Petersen Wolf, Loerch Svenja, Schanz Steffen, Raschke Michael, Zantop Thore
Department of Trauma, Hand,
Am J Sports Med. 2008 Mar;36(3):495-501. doi: 10.1177/0363546507310077. Epub 2008 Jan 8.
Posterior cruciate ligament injuries are often associated with injuries to other structures. The role of the posteromedial structures of the knee in these injuries has received little attention.
The posterior oblique ligament is an important restraint to posterior tibial translation in the posterior cruciate ligament-deficient knee.

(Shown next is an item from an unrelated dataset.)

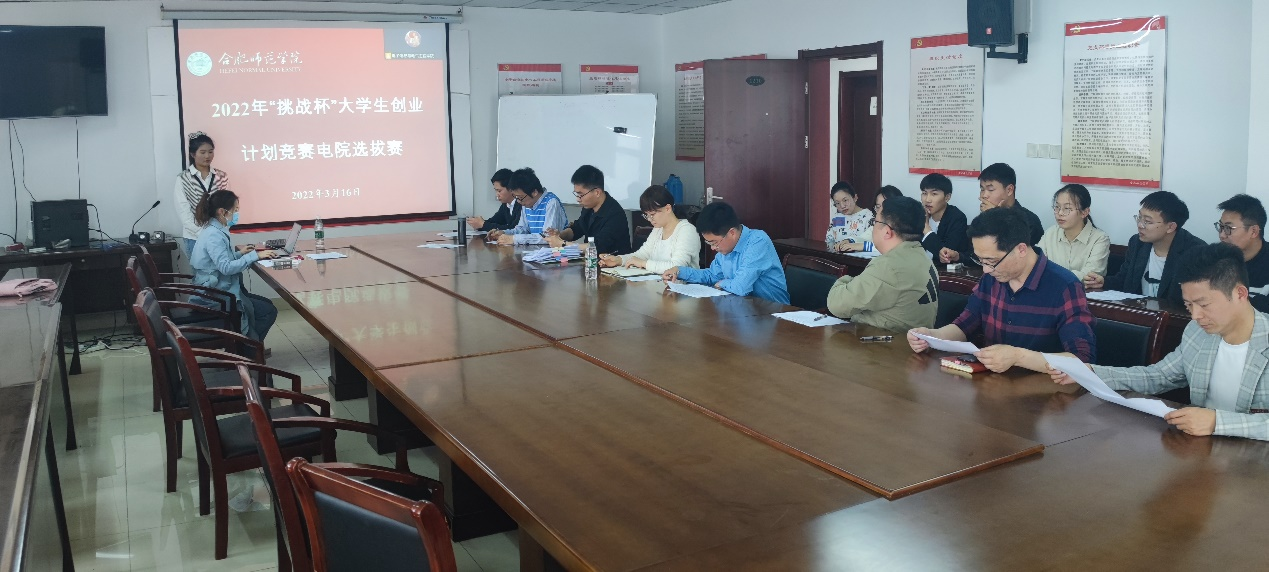 本网讯 为进一步认真学习贯彻习近平新时代中国特色社会主义思想,切实提高Beat365官网学生的创新创业能力,积极备战2022年“挑战杯”大学生创业计划校暨省赛,3月16日下午,电子信息与电气工程学院团委在锦绣校区行知楼1210会议室和滨湖校区铭传楼b211,采用视频答辩形式同步举行2022年“挑战杯”大学生创业计划竞赛院内选拔赛。院党委副书记胡石清、副院长范程华、电子信息工程系主任孔勐、通信工程系主任周元元等担任评委。各项目团队成员40余人现场观摩。

Controlled laboratory study.
Kinematic studies were performed on 10 cadaveric knees to test 3 external loading conditions at 0 degrees , 30 degrees , 60 degrees , and 90 degrees of flexion (134 N posterior tibial load, 10 N x m valgus rotation, and 5 N x m internal rotation). Resulting posterior tibial translation was determined by using a robotic/universal force-moment sensor testing system for (1) intact, (2) posterior cruciate ligament-deficient, (3) posterior cruciate ligament/superficial medial collateral ligament-deficient, (4) posterior cruciate ligament/superficial medial collateral ligament/deep medial collateral ligament/posterior oblique ligament-deficient, and (5) posterior cruciate ligament/superficial medial collateral ligament/deep medial collateral ligament/posterior oblique ligament/posteromedial capsule-deficient knee.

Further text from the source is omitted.